▸ **WORK TO COMPLETE**
Starting with the line that contains "车用热轧钢年度价格趋势:2018.01.02-2018.08.31", copy every line through the end of the data below, exactly and with nothing added.

(Collection entries)
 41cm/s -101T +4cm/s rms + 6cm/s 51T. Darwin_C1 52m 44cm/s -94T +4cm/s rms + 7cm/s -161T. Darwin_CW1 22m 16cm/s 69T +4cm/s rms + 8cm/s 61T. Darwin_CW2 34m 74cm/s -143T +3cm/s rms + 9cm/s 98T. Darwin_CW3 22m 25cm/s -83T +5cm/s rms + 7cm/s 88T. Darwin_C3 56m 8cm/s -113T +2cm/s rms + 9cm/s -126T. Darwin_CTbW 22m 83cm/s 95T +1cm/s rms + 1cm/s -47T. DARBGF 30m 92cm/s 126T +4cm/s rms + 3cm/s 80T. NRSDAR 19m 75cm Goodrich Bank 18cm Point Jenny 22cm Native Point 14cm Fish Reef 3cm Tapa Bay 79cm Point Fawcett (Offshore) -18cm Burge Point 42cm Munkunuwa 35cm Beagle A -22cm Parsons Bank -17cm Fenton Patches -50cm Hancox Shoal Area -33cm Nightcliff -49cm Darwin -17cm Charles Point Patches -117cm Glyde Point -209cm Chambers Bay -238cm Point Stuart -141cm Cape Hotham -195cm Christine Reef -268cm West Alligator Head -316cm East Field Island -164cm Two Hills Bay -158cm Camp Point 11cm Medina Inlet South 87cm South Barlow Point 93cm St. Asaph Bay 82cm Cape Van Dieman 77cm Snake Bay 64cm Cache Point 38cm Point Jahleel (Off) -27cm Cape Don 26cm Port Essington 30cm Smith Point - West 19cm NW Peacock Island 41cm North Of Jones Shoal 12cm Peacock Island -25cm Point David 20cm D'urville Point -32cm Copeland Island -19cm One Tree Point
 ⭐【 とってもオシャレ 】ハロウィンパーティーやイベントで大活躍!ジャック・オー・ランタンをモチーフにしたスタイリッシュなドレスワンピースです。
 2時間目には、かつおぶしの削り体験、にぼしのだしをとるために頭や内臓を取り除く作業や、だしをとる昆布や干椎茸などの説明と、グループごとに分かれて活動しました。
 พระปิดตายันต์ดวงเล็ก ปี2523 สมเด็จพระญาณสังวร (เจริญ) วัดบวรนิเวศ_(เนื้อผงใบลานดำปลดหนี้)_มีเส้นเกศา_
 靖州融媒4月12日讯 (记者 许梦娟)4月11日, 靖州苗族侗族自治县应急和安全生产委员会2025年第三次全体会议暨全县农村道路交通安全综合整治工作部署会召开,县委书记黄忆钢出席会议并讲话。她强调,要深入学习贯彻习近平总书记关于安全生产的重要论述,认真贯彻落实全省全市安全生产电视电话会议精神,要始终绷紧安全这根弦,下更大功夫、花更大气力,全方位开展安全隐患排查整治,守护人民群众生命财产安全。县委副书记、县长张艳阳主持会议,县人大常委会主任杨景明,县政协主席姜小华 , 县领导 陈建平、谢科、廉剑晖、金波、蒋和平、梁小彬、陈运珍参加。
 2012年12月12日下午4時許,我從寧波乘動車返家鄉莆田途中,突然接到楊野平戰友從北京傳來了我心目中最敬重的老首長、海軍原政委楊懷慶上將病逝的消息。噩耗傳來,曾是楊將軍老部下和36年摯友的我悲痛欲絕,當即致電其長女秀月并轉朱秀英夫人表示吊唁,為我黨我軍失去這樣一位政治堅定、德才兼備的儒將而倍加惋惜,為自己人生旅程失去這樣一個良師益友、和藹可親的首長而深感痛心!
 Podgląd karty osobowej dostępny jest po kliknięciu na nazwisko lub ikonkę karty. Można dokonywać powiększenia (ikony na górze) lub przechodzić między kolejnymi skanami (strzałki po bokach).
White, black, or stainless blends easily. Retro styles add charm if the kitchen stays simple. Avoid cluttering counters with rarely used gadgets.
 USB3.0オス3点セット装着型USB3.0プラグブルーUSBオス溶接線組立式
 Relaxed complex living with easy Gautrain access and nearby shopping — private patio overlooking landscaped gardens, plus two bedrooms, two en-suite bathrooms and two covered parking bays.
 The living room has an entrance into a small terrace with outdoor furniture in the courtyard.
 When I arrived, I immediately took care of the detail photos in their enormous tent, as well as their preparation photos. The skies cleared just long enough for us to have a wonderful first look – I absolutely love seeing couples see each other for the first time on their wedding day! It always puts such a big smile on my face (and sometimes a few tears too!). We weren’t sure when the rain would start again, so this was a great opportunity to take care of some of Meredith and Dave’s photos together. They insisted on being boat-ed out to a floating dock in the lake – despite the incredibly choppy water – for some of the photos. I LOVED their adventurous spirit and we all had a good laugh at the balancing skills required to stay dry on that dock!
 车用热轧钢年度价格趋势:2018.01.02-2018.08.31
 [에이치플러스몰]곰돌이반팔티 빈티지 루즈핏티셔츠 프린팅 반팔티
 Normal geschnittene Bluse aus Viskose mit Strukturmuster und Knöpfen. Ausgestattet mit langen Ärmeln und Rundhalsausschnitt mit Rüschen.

▸ **FINAL ANSWER**
 车用热轧钢年度价格趋势:2018.01.02-2018.08.31
 [에이치플러스몰]곰돌이반팔티 빈티지 루즈핏티셔츠 프린팅 반팔티
 Normal geschnittene Bluse aus Viskose mit Strukturmuster und Knöpfen. Ausgestattet mit langen Ärmeln und Rundhalsausschnitt mit Rüschen.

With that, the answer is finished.